Effective December 1, 1921, the Department of Commerce, which controlled radio at the time, adopted regulations formally establishing a broadcasting station category. It set aside the wavelength of 360 meters (833 kHz) for entertainment broadcasts, and 485 meters (619 kHz) for farm market and weather reports.

On March 31, 1922, Loyola University in New Orleans was issued a "Limited Commercial License" for a new station on the 360-meter "entertainment" wavelength. WWL was the second broadcasting station licensed in Louisiana, following WGV, also in New Orleans, licensed 10 days earlier. However, WWL was the first station in the state to begin broadcasting operations.

===Loyola University===
Starting before World War I and continuing until June 1922, the university sponsored a radio training school, with both civilian and military students. WWL's initial equipment was installed at Marquette Hall on the Loyola campus, with construction performed by Edward T. Cassidy, a Jesuit seminarian and physicist serving as the head of the radio school, and L. J. N. "Joe" du Treil, a former school head who worked at the Commerce Department's New Orleans district office of its Radio Service section.

WWL received a telegraphed broadcasting station authorization, and signed on the air, on March 31, 1922. It initially broadcast on the shared 360-meter entertainment wavelength, as a 10-watt station. The station's debut purpose was to promote a university fundraising project.
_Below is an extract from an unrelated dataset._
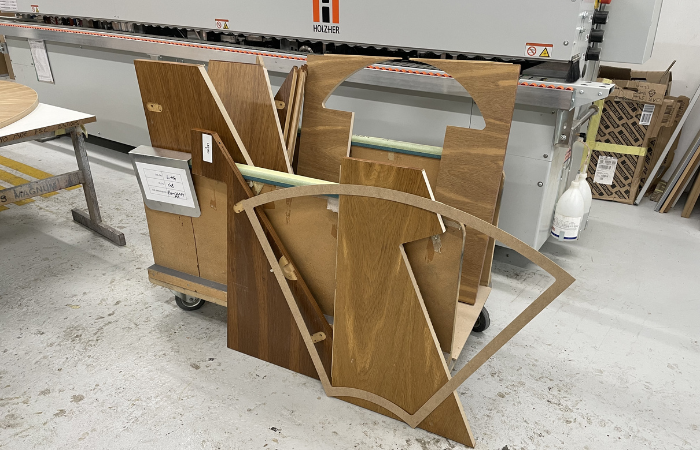 The same can be said for those buying furniture from Opus Magnum’s ReCrafting initiative, such as Legal & General, which supplied ten boardroom tables, originally made in 2007, for repurposing. From them, the team redesigned a new circular table, with hinged material matched flaps in the centre and a round pedestal base. The original tops were cut into a new shape by CNC according to their grain pattern, and then artfully joined together.

Loyola president Father Edward Cummings opened the first half-hour broadcast with a three-minute fundraising plea on behalf of the university's building drive, stating that "We are organizing the radio operators in the state to spread the story of Loyola's needs. Will you lend your support to our campaign, both by radio and individual effort which will aid us in making Loyola University one of the greatest institutions of learning in the Southland?" This was followed by Tulane University's Guiseppe Ferrate playing an original piano composition.

===Frequency changes===
In mid-1923, the station was reassigned to 1070 kHz. That was changed to 1090 kHz in early 1925. It switched to 1220 kHz in late 1927. On November 11, 1928, under the provisions of the Federal Radio Commission's General Order 40, WWL was assigned to 850 kHz, on a shared basis with KWKH in Shreveport. As part of the equal distribution standards mandated by the Davis Amendment, each of five regions had been allocated eight high-powered "clear channel" frequencies, which were granted dominant and widespread nighttime coverage. 850 kHz was one of the frequencies assigned to "Region 3", consisting of states in the southeastern United States. WWL's power was increased to 5,000 watts on March 31, 1929, following the installation of a new transmitter in Bobet Hall.
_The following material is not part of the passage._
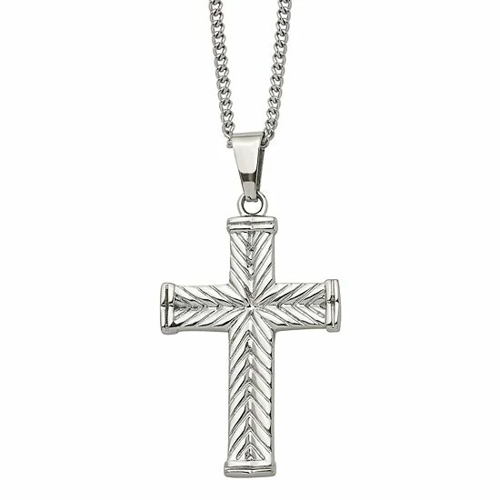 Showcase your faith with this distinctive men’s stainless steel cross pendant.

In 1929, Loyola University decided that WWL would include commercial operations, with the station profits providing an endowment for the university. Loyola is owned and operated by Catholic priests belonging to the Society of Jesus, commonly known as "Jesuits". There was concern that commercial operation might violate both Catholic and Jesuit prohibitions on priests operating businesses. However, a decision was made that the station's non-religious programming and advertising had an existing analogy in church-run efforts, such as publications, which had content that included advertising. In addition, a separate holding company, WWL Development, was formed to run the station, with the provision its profits would be transferred to Loyola.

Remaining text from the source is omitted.